Alter the Tone of the Debate
As
with most controversial aspects of American politics, the debate over Iraq has
largely involved people in all sides talking—or screaming—past each
other. That, of course, is not the way we like to work. We can, however, use
our toolkit to help make the discussion on the war more civil and then use that
civility to help people see areas they could move forward together rather than
in confrontation.
Colleagues
at ICAR, Search, and three local congregations recently put together a forum on
“wrestling with war with Iraq.” We made certain that we had all
major points of view represented on the panel. We also made certain that we
chose individuals who respected other points of view, listened to others, and
did not go for the intellectual jugular. We also made certain that the
moderator and one of the participants were experienced conflict resolution
facilitators.
The
conflict resolution practitioners did what we normally do when we facilitate a
process. They sought and focused on areas of agreement. They set a tone of
dignity and respect (and humor). Mostly, they tried to take the discussion
beyond the narrow positions the other panelists held to the broader interests
in ways which reflect our stock in trade.
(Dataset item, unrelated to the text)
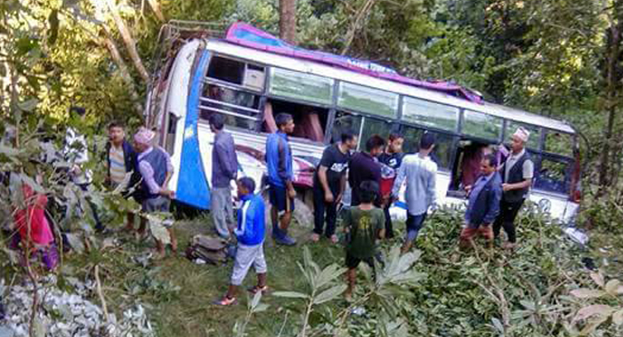 पारिश्रमिक सहकारी संस्था मोरङबाट भ्रमणको लागी प्युठान पुगेर मोरङतर्फ फर्कंदै गर्दा प्रदेश ३–०१–००५ ख ९८६० नम्बरको बस आज बिहान पौने ४ बजे दुर्घटनामा परेको थियो ।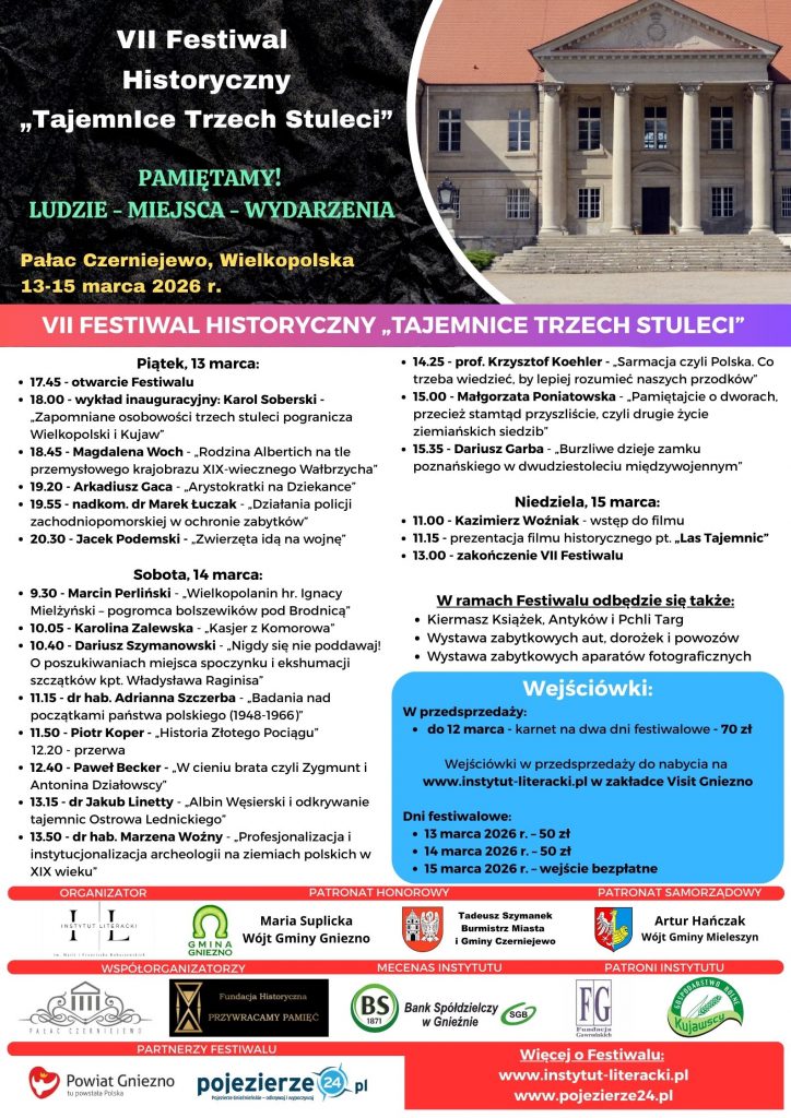 Jak już informowaliśmy, od 13 do 15 marca 2026 roku w Pałacu w Czerniejewie odbędzie się VII Festiwal Historyczny „Tajemnice Trzech Stuleci”. Punkty Festiwalu, które odbędą się 13 i 14 marca już przedstawiamy na poniższym plakacie. Dzisiaj czas na zaprezentowanie szczegółów tego, co odbędzie się w niedzielę, 15 marca! A będzie to wyjątkowe wydarzenie!

In short, they tried to reframe the
debate so that all parties at least understood each other better and began to
look for areas where they actually did agree (e.g., the horrid historical track
record of the Baath regime since it took power in 1968, the desire to avoid war
if possible).[3]
The
300 people in the audience were treated to a remarkable evening. I’m not
sure we reached Daniel Yankelovich’s definition of a dialogue in which
there is a discussion which is so charged that no party remains unchanged. But
we came close.
From Process to Position Advocacy
What
follows is the most difficult of the three points in this section and one that
will take us a while to master—if I’m right about it in the first
place. In essence, it lays out the first basic steps toward making the conflict
resolution community more political while remaining true to its bridge-building
and cooperative problem-solving commitments.
For
the most part, the conflict resolution community has shied away from political
advocacy with one very important exception. We cherish our role as third party
neutrals who can help people settle disputes because we have little or not
vested interest in any particular outcome.
The
one exception of course is our advocacy for conflict resolution processes. For many of us, that has meant trying to expand the
use of mediation and alternative dispute resolution whenever and wherever possible.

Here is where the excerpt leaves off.